A encuesta reciente De los pediatras descubrieron que a menudo carecían de información suficiente para diagnosticar con precisión un trastorno del espectro autista (TEA) en niños. El TEA es un diagnóstico importante que no debe pasarse por alto. Pero es igualmente importante no realizar el diagnóstico cuando no está realmente presente.
El TEA solía dividirse en grupos que incluían el trastorno autista, el trastorno de Asperger y el trastorno generalizado del desarrollo no especificado. Sin embargo, estos diagnósticos ahora se agrupan en un solo diagnóstico de TEA con un rango de gravedad dentro del espectro.
Para ser diagnosticado con este espectro autista, el individuo debe tener dificultades en dos áreas.
En primer lugar, deben presentar problemas persistentes de comunicación e interacción social. Esto incluye déficits de empatía, lenguaje corporal, expresión facial y contacto visual; así como dificultades o falta de interés en las relaciones sociales y en hacer amigos.

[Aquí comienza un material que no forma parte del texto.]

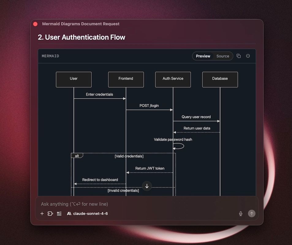 • New: Added Mermaid preview support in the renderer.
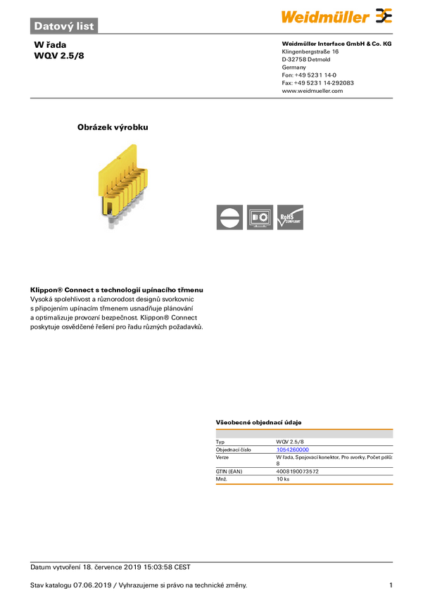 Łącznik krzyżowy Weidmüller WQV 2.5/8 1054260000, 10 szt.
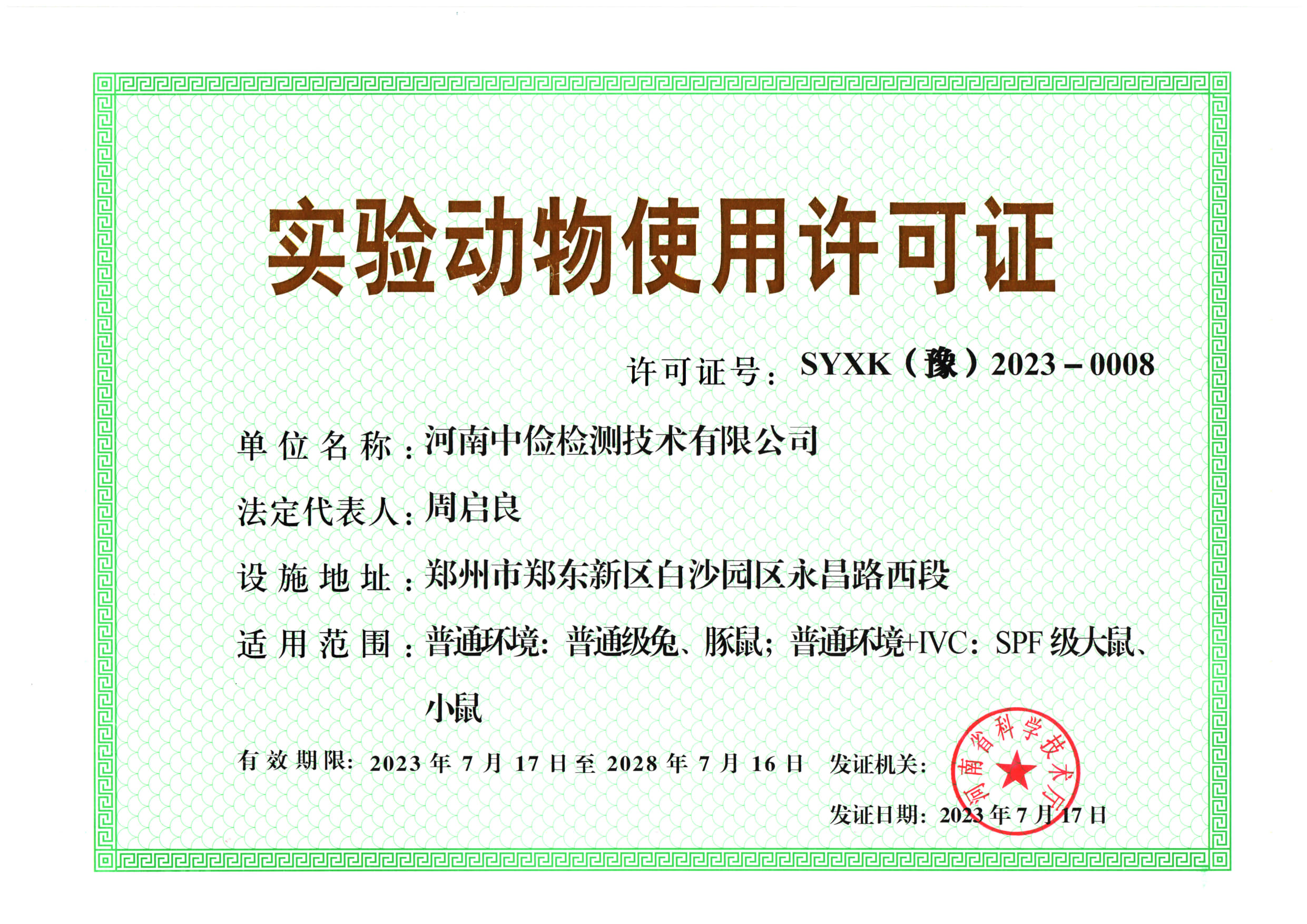 - 喜報!河南中儉檢測取得新的實(shí)驗動物使用許可證!
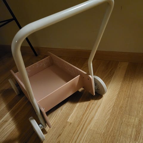 Klassisk gåvogn fra Micki i tre med bremseutstyrte, PVC-frie hjul. Den har et justerbart håndtak. Gåvognen gir stabil og trygg støtte til barnets første skritt.

En segundo lugar, deben presentar patrones restringidos y repetitivos de comportamiento, intereses o actividades, como insistencia en rutinas rígidas, fijación en ciertos temas, hipersensibilidades sensoriales como sensibilidad al ruido y, a veces, hiposensibilidades, como un umbral de dolor alto.
Los problemas deben ser lo suficientemente graves como para causar deterioro en la vida cotidiana. Muchas personas con TEA también suelen presentar áreas de superdotación extraordinaria.

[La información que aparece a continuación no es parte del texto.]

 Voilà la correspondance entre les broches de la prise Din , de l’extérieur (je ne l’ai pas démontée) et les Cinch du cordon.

La tasa de diagnóstico de TEA ha aumentado aumentado significativamente En los últimos años. Estudios realizados entre 1960 y 1980 hallaron una prevalencia del 0.02% al 0.05%. A principios de la década de 2000, las tasas oscilaban entre el 0.3% y el 0.6%; para 2006, entre el 0.5% y el 1.14%. meta-análisis sugirió una tasa constante entre 1990 y 2010 del 0.75%.
Sin embargo, en 2009, la tasa de niños diagnosticados con TEA en las escuelas de Queensland había llegado a ser tan alta como uno de cada 50 estudiantes (2.05%), según las estadísticas del Departamento de Educación de Queensland publicadas en el correo (obtenido por Libertad de Información).

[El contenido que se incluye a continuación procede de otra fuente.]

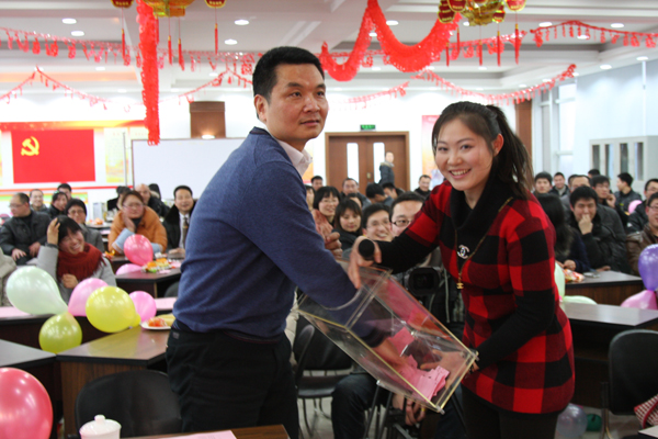 联欢会还特别安排现场抽奖活动,共抽取了2个特等奖、5个一等奖、10个二等奖和20个三等奖。获奖观众五人一组参与了60秒不NG、心有灵犀、疯狂大搜索三项互动活动,“笑”果不断。在带给大家好运的同时,高管还纷纷登台献艺,与职工同乐。乔光辉总经理和行政部吴霏霏带来《北国之春》;王彤兵副总经理独唱《月亮代表我的心》;耿婷芳副总经理、行政部朱维新对唱《祈祷》,一首首经典老歌,一声声祝福,将晚会推向高潮。

Esto ha generado controversia sobre si se trata de un descubrimiento de casos que en el pasado habrían pasado desapercibidos, una epidemia de TEA causada por toxinas ambientales que afectan al cerebro en desarrollo temprano o una falsa “epidemia” debido al sobrediagnóstico.
¿Qué hace que el diagnóstico sea tan difícil?
En mi experiencia como psiquiatra de niños y adolescentes, es evidente que existe un problema de sobrediagnóstico. Además, todavía hay niños, especialmente niñas, cuyo diagnóstico de TEA se pasa por alto, trágicamente, hasta una etapa tardía de su desarrollo y escolarización. Muchos colegas psiquiatras infantiles y pediatras ofrecen observaciones similares.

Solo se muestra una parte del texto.